_What the exercise asks_
Scan the records below for the line with "For mini business" and the line with "your favorite stocks.", and retype that range exactly, both ends included, pictures excepted.
Record extracts Start Marker
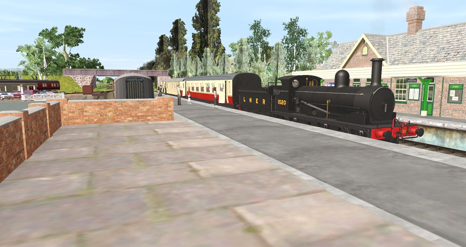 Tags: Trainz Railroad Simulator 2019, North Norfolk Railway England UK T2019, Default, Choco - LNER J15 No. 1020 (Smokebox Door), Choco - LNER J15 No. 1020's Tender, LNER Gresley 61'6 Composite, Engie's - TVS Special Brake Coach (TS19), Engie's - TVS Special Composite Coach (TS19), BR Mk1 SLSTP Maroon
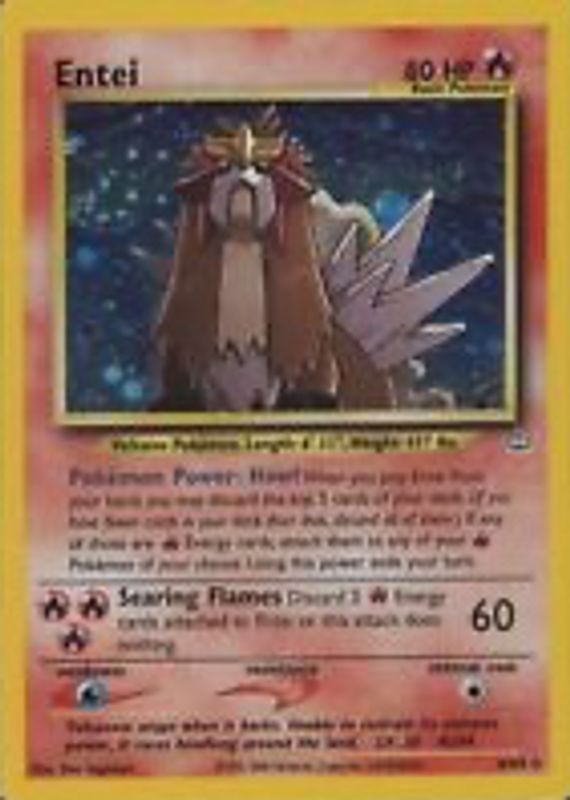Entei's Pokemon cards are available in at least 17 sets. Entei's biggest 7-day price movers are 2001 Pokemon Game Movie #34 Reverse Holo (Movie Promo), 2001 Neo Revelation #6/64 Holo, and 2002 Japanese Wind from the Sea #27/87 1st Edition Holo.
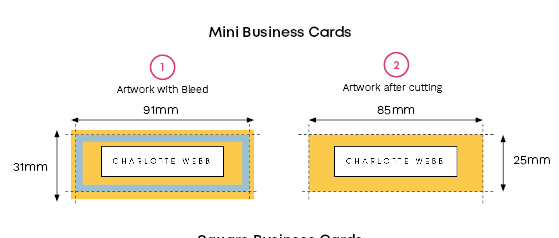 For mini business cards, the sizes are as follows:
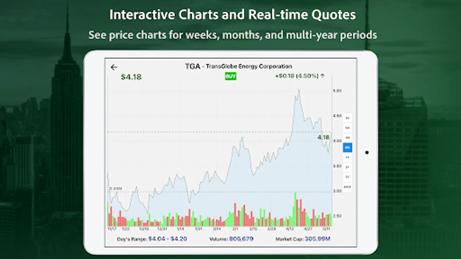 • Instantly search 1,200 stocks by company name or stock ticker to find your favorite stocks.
Record extracts End Marker
Record extracts Start Marker
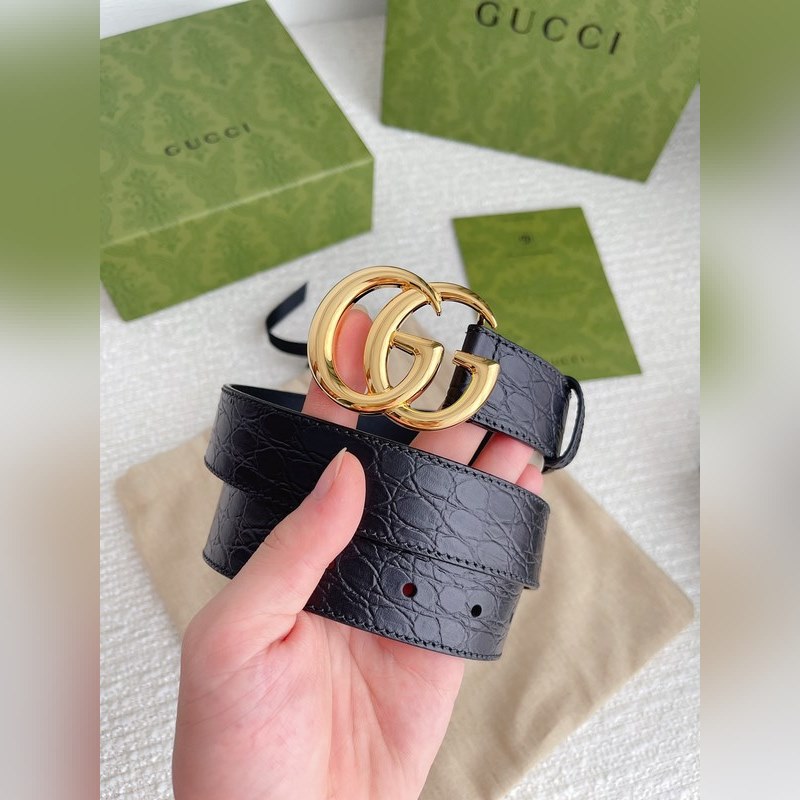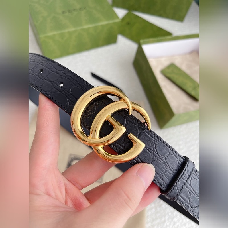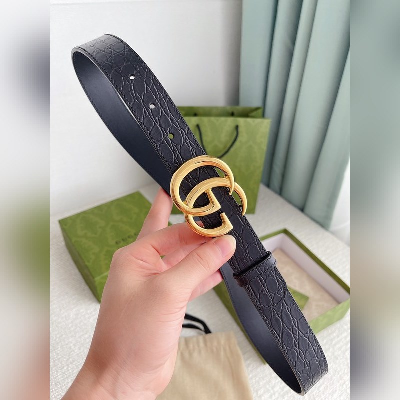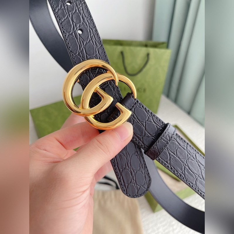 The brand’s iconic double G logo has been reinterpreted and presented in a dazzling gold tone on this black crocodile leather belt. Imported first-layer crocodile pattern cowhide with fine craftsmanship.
Record extracts End Marker
Record extracts Start Marker
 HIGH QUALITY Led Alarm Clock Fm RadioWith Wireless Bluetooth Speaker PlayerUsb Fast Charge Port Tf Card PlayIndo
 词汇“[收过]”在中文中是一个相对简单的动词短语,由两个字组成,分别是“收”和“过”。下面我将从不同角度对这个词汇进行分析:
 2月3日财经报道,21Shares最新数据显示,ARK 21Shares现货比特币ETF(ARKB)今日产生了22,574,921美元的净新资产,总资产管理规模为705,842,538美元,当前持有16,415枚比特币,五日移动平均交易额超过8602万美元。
Record extracts End Marker
_Output of the exercise_
 For mini business cards, the sizes are as follows:
 • Instantly search 1,200 stocks by company name or stock ticker to find your favorite stocks.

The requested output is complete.